- Born: 21 March 1855 Bergen, Norway
- Died: 1 March 1933 (aged 77) Vestre Aker, Norway
- Citizenship: Norwegian
- Education: Royal Frederick University
- Scientific career
- Fields: anatomy microbiology cancer research

= Fredrik Georg Gade =

Norwegian physician (1855–1933)

Fredrik Georg Gade (21 March 1855 – 1 March 1933) was a Norwegian physician.

==Personal life==
He was born in Bergen as the son of merchant Fredrik Georg Gade (1830–1905) and his wife Ingeborg Wallem (1830–1902). The family originated in Lüneburg; an ancestor had migrated to Norway in the eighteenth century. The name Fredrik Georg was a family tradition. He was the brother of Herman Gerhard Gade, and a first cousin of Fredrik Barbe Wallem, Fredrik Herman Gade and John Allyne Gade.

Gade married twice. His first marriage, to Augusta Smith-Petersen (1858–1936), a daughter of Morten Smith-Petersen, lasted from September 1881 to 1898—she later married Christian Sinding. Secondly, Gade married Louise Kiær (1866–1959) in June 1908. She was a Danish citizen. The couple settled at Heggeli in Vestre Aker.

Gade was a skilled amateur violinist, and played together with composer and conductor Iver Holter while studying. He also befriended cultural and political personalities such as Edvard Grieg, Georg Brandes, Jonas Lie, Alexander Kielland and Christian Michelsen.

==Career==
Despite the tendency in his family to work in the business life, Gade had an academic career. After finishing his secondary education in 1872, he graduated from the Royal Frederick University with the cand.med. degree in 1880. He was employed at Rikshospitalet, and from 1888 he also worked at the Royal Frederick University. He had the title prosector from 1891. He also held lectures in anatomy at the Bergen Academy of the Arts. In 1900 he had been considered as the replacement of professor Hjalmar Heiberg, but since Gade did not hold a doctorate, the position went to Francis Harbitz. Both candidates delivered a paper as a part of the assessment process; Gade's paper Om patologisk-anatomiske forandringer i vævene af neurotrofisk oprindelse was later considered as a doctor's thesis. Gade received the dr.med. degree later in 1900. He left the university in 1906.

Gade was among the pioneers in microbiology. He stayed in Berlin in 1885 and 1890, where Robert Koch did ground-breaking work in the field. He also visited Carl Friedländer, Carl Weigert, Victor André Cornil, Louis-Antoine Ranvier and Louis-Charles Malassez. In Norway, together with Klaus Hanssen and Hans Juell, he did pioneer work in fighting tuberculosis, leading to the Tuberculosis Act of 1900. In addition, he was one of Norway's first cancer researchers. This endeavor became even more pressing as he lost his son to tuberculosis in 1905. In addition to his academic work, he also wrote popular-scientific books, including 1929's Kreftsykdommene, deres vesen, utbredelse og bekjempelse. En almenfattelig fremstilling. He edited the journal Norsk magasin for lægevidenskaben from 1893 to 1897 and 1912 to 1927, and engaged himself in the public debate, siding with the political liberals of the day.
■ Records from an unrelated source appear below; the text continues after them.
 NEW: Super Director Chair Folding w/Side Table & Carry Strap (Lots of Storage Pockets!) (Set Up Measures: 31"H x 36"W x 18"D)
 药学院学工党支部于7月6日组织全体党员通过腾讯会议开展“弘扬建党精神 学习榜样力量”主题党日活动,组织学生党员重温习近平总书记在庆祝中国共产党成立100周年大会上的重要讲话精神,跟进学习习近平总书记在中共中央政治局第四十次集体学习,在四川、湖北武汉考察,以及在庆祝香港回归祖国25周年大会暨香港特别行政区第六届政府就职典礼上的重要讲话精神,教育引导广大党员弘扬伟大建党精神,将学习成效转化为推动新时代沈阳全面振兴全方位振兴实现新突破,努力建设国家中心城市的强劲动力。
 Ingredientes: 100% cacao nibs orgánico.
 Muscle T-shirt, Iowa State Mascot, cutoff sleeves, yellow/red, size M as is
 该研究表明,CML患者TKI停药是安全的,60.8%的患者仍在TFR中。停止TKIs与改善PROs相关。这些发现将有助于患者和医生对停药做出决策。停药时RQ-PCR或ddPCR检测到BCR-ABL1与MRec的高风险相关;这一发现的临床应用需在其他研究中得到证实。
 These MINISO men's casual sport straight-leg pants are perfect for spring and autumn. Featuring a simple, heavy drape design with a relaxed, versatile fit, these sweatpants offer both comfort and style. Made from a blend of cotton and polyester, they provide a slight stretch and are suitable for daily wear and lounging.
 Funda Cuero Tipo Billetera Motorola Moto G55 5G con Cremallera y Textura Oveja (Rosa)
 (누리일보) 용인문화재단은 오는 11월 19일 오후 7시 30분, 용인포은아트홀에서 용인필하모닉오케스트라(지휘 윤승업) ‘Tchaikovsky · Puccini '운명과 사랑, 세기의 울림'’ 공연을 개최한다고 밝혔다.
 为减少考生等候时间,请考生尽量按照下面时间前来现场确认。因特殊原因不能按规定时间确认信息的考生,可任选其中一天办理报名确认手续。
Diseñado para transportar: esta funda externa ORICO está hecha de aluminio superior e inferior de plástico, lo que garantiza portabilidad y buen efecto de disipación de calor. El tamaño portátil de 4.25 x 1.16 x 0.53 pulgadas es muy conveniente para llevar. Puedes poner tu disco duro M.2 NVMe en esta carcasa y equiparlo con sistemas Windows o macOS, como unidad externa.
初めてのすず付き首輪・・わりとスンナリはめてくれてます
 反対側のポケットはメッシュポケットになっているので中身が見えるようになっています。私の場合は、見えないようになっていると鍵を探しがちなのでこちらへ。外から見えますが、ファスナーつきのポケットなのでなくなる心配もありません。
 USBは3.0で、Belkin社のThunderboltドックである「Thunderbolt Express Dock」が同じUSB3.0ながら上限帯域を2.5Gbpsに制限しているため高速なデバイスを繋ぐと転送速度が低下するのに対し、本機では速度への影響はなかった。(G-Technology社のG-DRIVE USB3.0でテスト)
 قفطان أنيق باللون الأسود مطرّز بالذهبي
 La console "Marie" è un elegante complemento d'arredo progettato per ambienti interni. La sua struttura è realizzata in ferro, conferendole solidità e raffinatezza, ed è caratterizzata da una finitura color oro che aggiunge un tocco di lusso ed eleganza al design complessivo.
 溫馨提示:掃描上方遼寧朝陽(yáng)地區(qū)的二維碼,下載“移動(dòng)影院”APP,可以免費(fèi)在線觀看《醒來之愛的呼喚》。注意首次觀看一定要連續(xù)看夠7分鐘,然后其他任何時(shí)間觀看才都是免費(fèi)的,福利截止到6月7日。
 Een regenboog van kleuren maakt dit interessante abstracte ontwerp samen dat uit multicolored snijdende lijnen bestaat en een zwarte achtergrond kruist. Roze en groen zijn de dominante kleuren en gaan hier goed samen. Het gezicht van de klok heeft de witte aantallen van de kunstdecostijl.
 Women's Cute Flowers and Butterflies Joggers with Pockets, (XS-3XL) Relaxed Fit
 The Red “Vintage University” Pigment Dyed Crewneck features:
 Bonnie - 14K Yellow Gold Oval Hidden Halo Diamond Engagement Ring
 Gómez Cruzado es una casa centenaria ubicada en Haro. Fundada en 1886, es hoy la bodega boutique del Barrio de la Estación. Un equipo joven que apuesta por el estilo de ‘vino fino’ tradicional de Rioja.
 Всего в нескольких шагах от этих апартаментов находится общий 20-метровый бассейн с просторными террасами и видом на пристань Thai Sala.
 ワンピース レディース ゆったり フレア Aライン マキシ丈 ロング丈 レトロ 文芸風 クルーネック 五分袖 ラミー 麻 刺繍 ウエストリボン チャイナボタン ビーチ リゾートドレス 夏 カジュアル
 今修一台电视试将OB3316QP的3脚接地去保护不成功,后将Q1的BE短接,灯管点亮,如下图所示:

Gade was decorated as a Commander, Second Class of the Royal Norwegian Order of St. Olav. The Gade Institute at Haukeland Hospital, a forerunner of the Faculty of Medicine at the University of Bergen, is named after him. In 1924 he became an honorary member of the Norse Federation, an organization of which he had been a co-founder and vice chairman from 1907. He was a central board member of the Liberal Left Party from 1921 to 1922. He died in 1933 from bronchial cancer, his wife outliving him by twenty-six years.